Include in the reply only the lines from the start of the data below through the line containing "リネンタッチ×オーガンジードッキングタックオールインワン", reproduced exactly and with no pictures.

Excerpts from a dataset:
·····
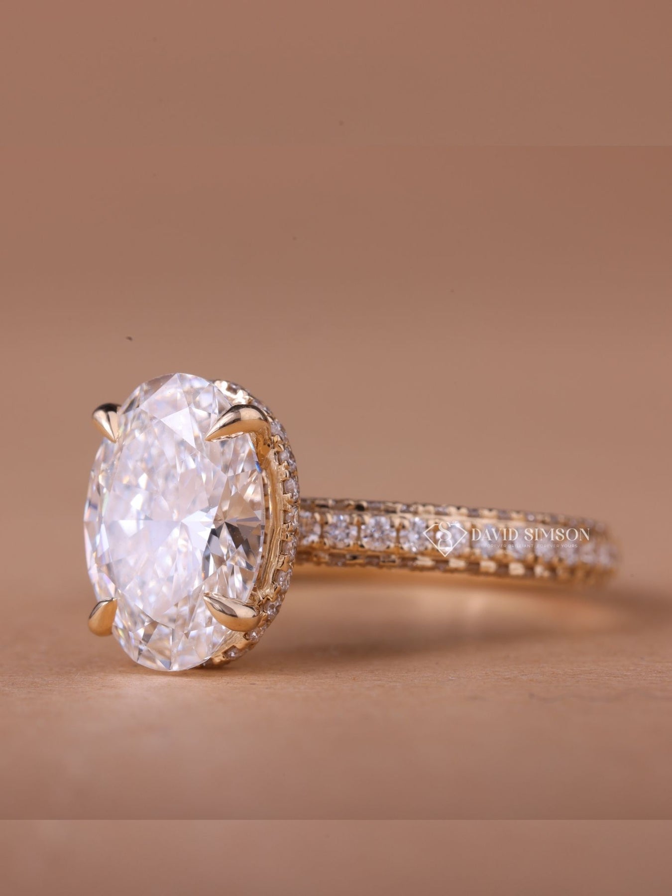 3.0CT-4.0CT Oval Cut Moissanite Diamond Hidden Halo & Pave Engagement Ring
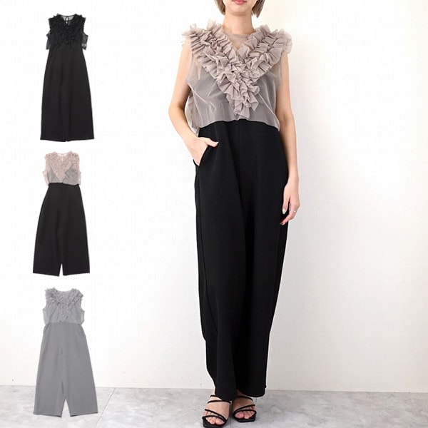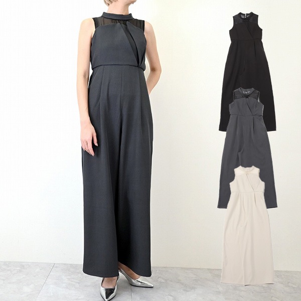 リネンタッチ×オーガンジードッキングタックオールインワン
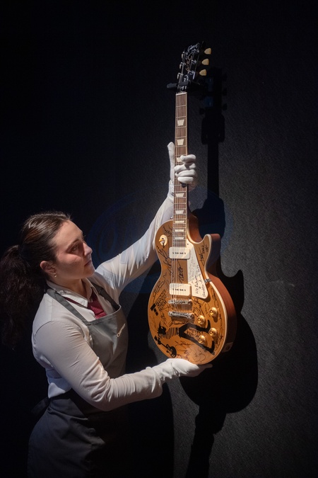 A technician holds up a '2021 Gold top Gibson Nashville Tennessee Les Paul Standard guitar' (est. £20,000 - £40,000) as part of Christie's 'The Mark Knopfler Guitar Collection' Auction on 31st January 2024 - Christie's King Street, London, England, UK on Thursday 18 January, 2024. The guitar has been signed by Mark Knopfler, Eric Clapton, Jeff Beck, David Gilmour, Pete Townshend, Roger Daltrey, Hank Marvin, Slash, Ronnie Wood, Brian May, Tony Iommi, Sting, Ringo Starr, Bruce Springsteen, The Edge, Joan Jett, Buddy Guy, Nile Rodgers, Joe Walsh, Vince Gill, Joe Bonamassa, Keith Urban, Peter Frampton, Sam Fender, Joan Armatrading, Mike Rutherford, Paul Carrack, Guy Fletcher, Steve Cropper, Duane Eddy, James Burton, Albert Lee, and Joe Brown, Credit:Justin Ng / Avalon
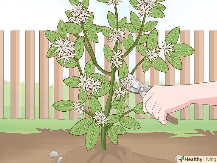 Зріжте жасмин, для вази. Лоза або кущ жасмину в сезон дають дуже багато квітів, які можна використовувати в букетах. За допомогою секаторів зріжте рясно квітучі гілки з листям. Відразу ж поставте їх у воду, щоб зберегти свіжими. [11]
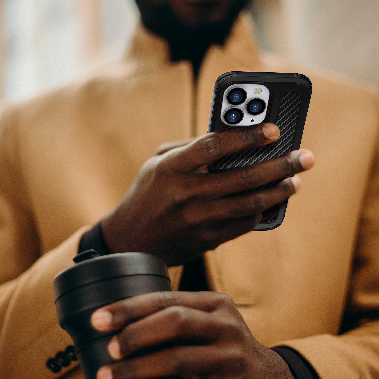 The phone cover’s carbon fiber-like aesthetic provides classic style and a smooth, sleek texture.
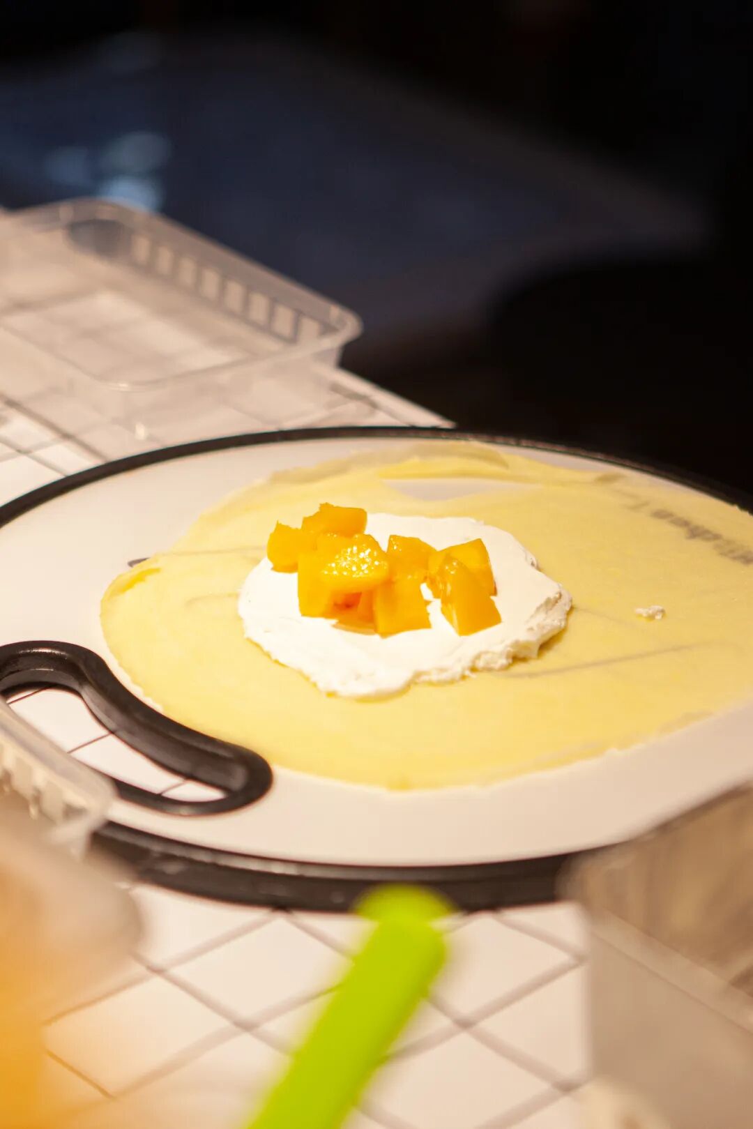 班戟外皮做得轻薄而有韧性,又往里面卷入了稀奶油和新鲜水果,送入口中,只觉Q弹软嫩,甜美可口,充满了碳水和糖带来的满满幸福感。
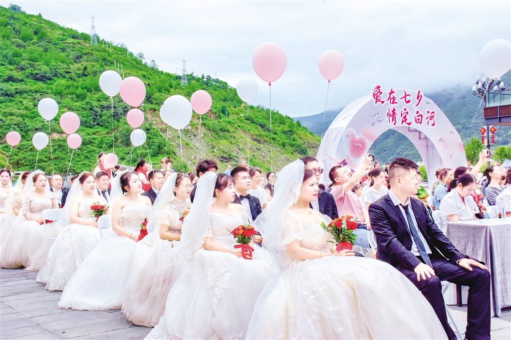 8月29日上午,“愛在七夕·情定白河”2025年白河縣新時代文明實踐集體婚禮主題活動在河街寶石文化廣場浪漫啟幕。來自各行各業(yè)的8對“珍珠婚”夫婦、8對新人齊聚一堂,通過分享婚姻保鮮秘訣、頒發(fā)結(jié)婚證、簽訂承諾書、開展婚姻家庭輔導(dǎo)等簡約而莊重的儀式,在各界代表和親朋好友的見證祝福下,開啟幸;橐鲂缕拢脤嶋H行動踐行婚事新辦、喜事儉辦的文明新風(fēng)尚。(紀(jì)道婭 攝)pQy安康新聞網(wǎng)
·····
Answer for the task:
 3.0CT-4.0CT Oval Cut Moissanite Diamond Hidden Halo & Pave Engagement Ring
 リネンタッチ×オーガンジードッキングタックオールインワン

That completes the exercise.